> EXERCISE REQUIREMENTS
Transcribe, word for word, every line from the one containing "Система фибринолизаПлазминоген –" through the final line of the records, and omit the pictures.

> INFORMATION
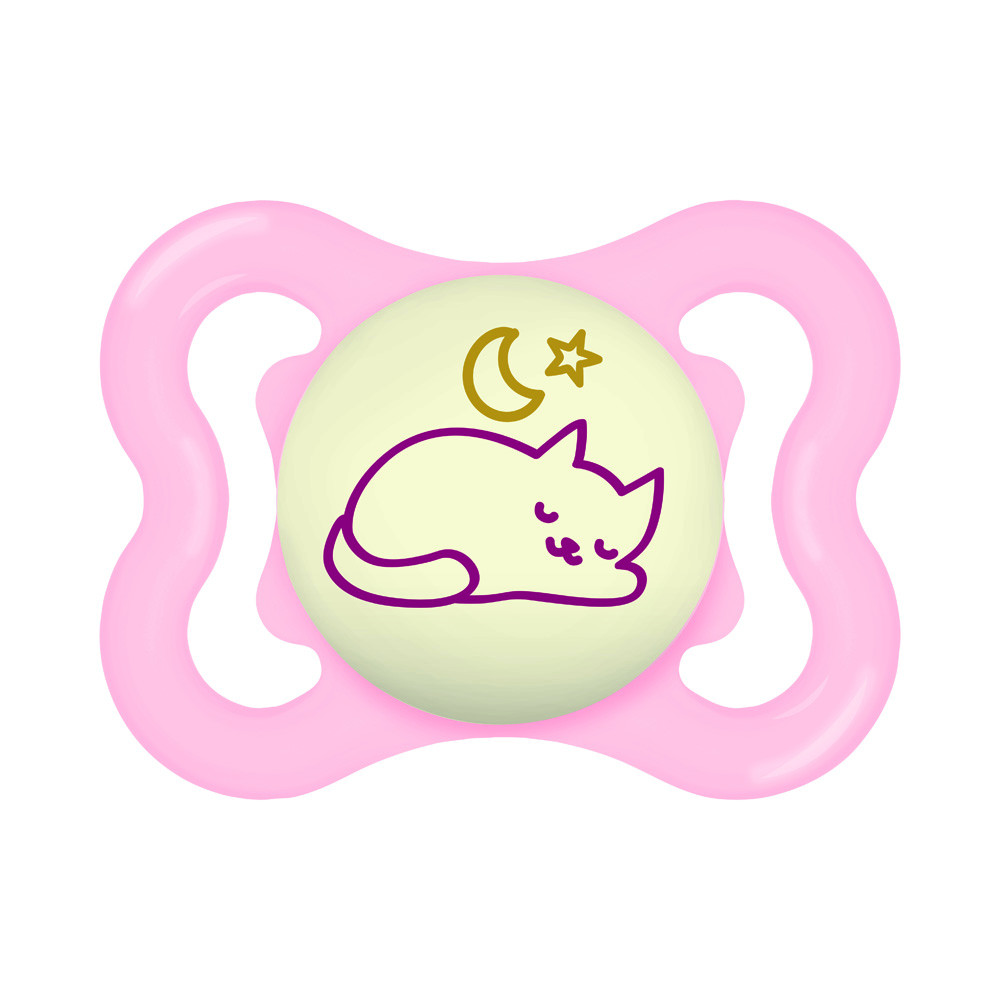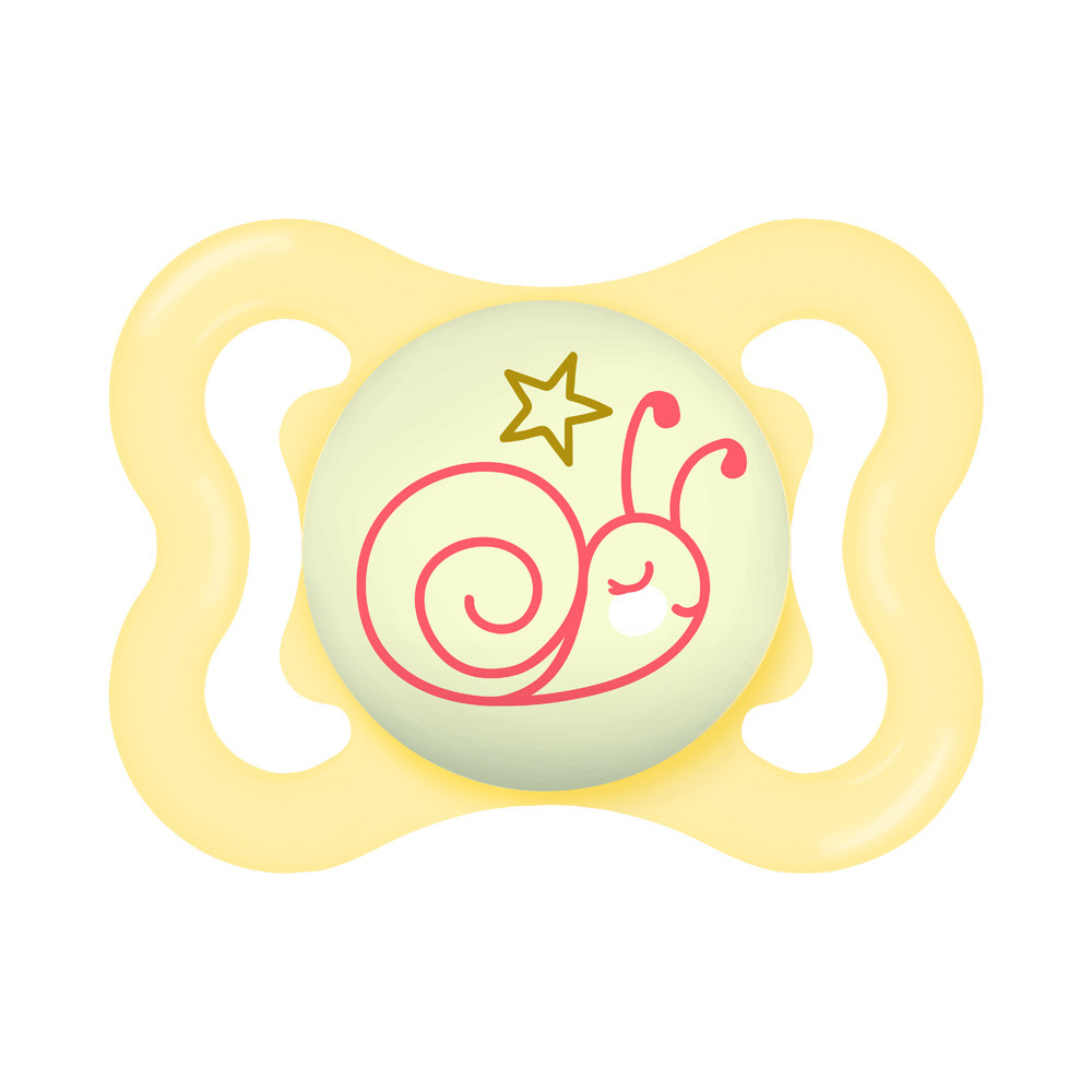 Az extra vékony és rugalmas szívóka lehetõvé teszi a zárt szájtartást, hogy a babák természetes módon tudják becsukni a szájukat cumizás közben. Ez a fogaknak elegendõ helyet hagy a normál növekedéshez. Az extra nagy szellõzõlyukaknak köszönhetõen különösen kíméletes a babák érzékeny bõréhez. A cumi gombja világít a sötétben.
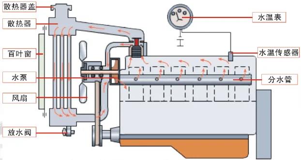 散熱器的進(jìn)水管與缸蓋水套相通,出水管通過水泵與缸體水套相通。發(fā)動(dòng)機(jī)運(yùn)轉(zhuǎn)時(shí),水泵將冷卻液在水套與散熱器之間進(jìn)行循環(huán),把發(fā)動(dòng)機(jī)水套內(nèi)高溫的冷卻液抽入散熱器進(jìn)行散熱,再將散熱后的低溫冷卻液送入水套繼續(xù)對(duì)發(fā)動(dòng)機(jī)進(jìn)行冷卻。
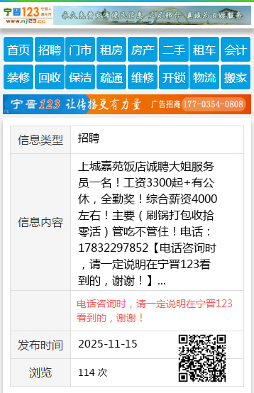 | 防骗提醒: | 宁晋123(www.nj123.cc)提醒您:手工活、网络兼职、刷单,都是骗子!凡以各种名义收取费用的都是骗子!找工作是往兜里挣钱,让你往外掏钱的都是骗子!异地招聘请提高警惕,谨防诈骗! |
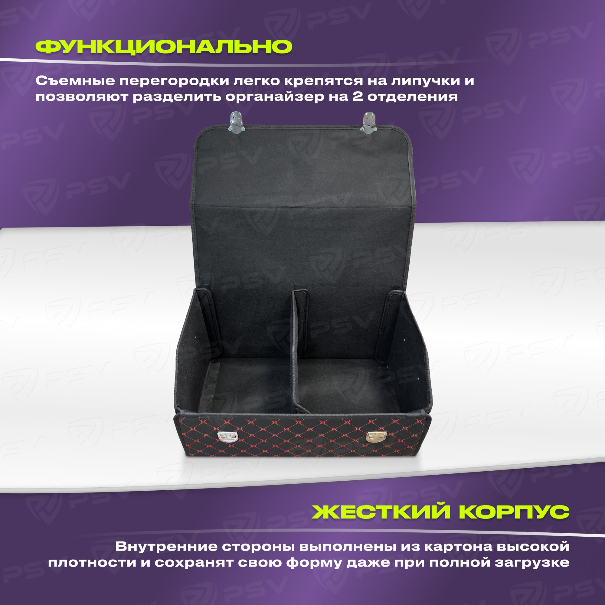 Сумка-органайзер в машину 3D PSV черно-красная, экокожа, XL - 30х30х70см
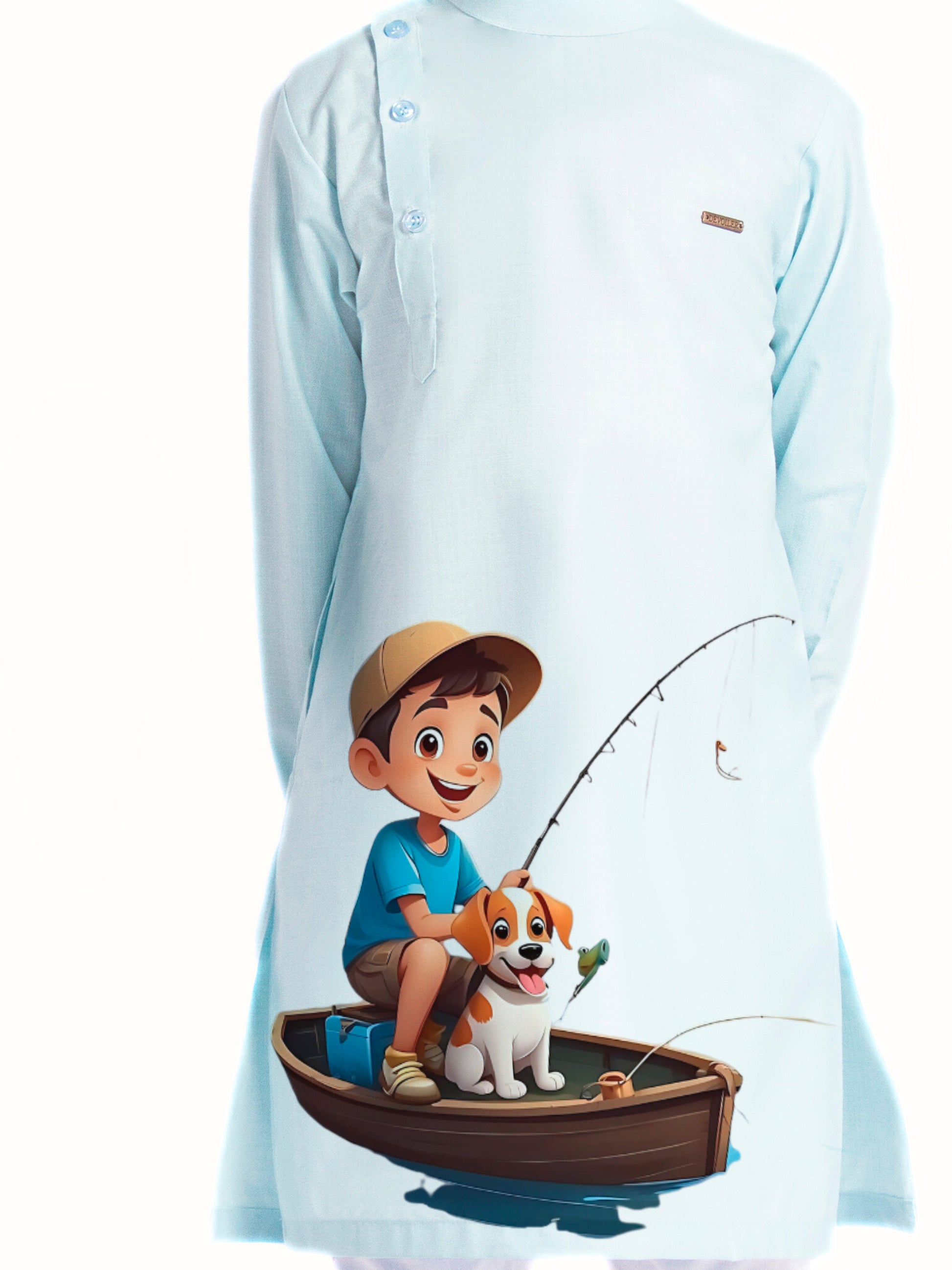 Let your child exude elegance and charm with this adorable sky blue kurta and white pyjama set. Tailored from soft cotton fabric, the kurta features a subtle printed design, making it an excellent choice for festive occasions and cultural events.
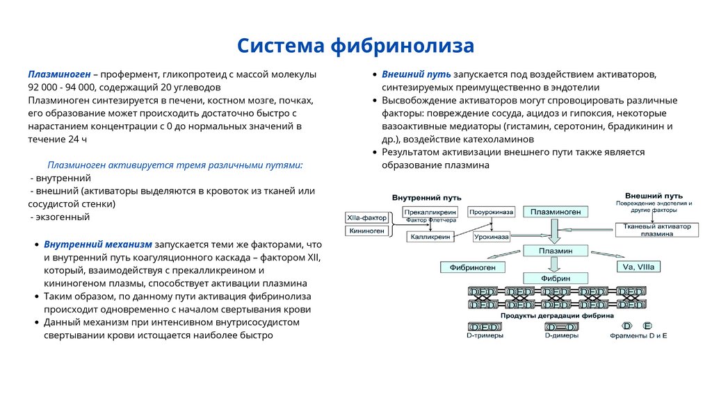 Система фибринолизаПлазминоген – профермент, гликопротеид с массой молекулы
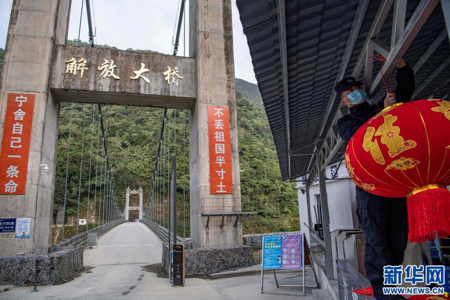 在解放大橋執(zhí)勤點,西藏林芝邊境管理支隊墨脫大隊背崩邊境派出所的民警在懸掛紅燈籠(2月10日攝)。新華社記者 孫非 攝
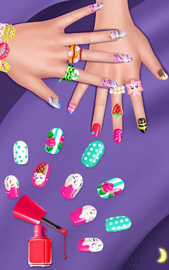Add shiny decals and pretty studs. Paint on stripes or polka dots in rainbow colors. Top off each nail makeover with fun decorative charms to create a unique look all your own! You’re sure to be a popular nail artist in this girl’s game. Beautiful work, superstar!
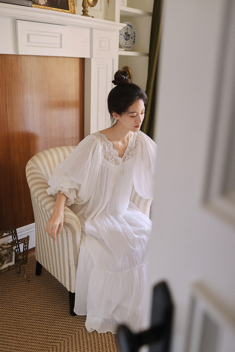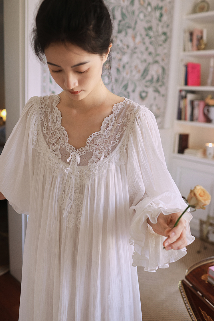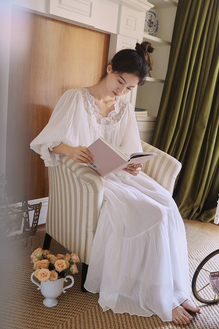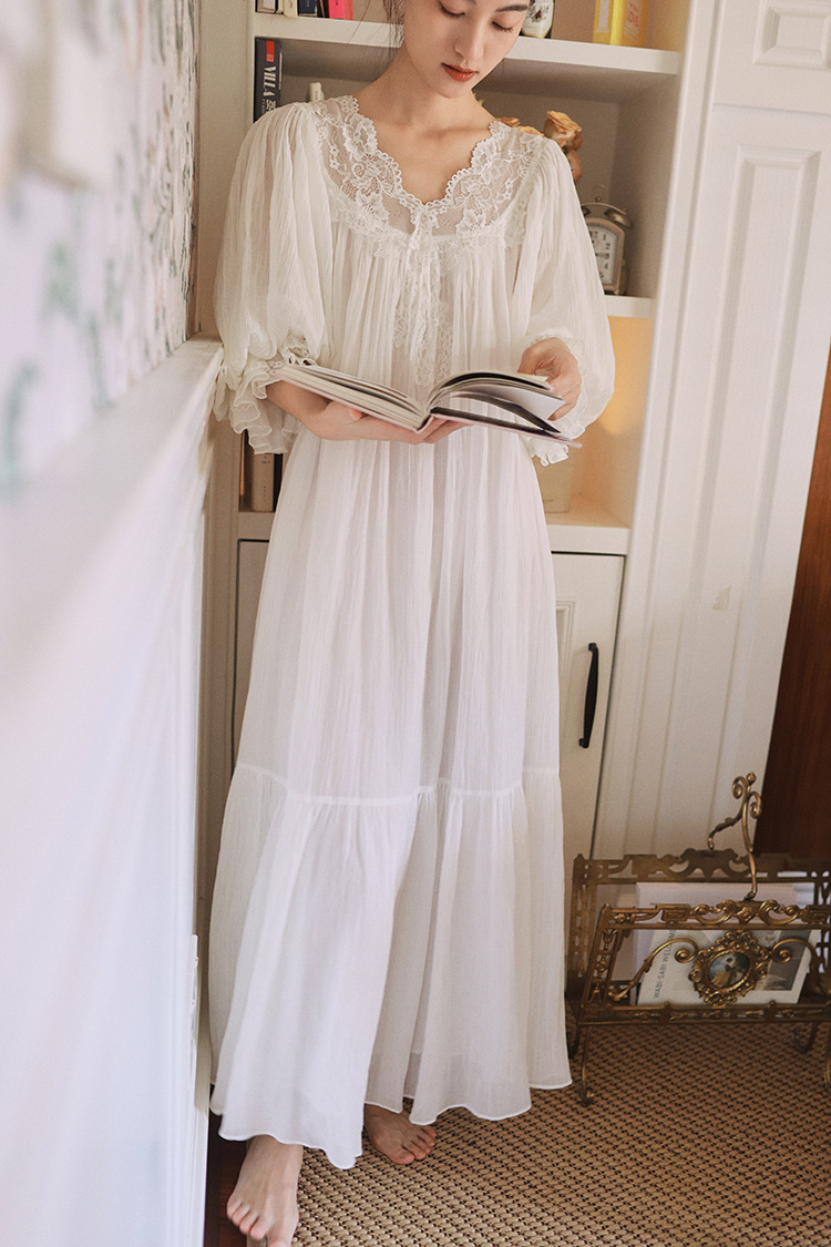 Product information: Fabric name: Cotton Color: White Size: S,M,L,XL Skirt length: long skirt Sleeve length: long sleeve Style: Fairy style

> ANSWER TO THIS EXERCISE
 Система фибринолизаПлазминоген – профермент, гликопротеид с массой молекулы
 在解放大橋執(zhí)勤點,西藏林芝邊境管理支隊墨脫大隊背崩邊境派出所的民警在懸掛紅燈籠(2月10日攝)。新華社記者 孫非 攝
Add shiny decals and pretty studs. Paint on stripes or polka dots in rainbow colors. Top off each nail makeover with fun decorative charms to create a unique look all your own! You’re sure to be a popular nail artist in this girl’s game. Beautiful work, superstar!
 Product information: Fabric name: Cotton Color: White Size: S,M,L,XL Skirt length: long skirt Sleeve length: long sleeve Style: Fairy style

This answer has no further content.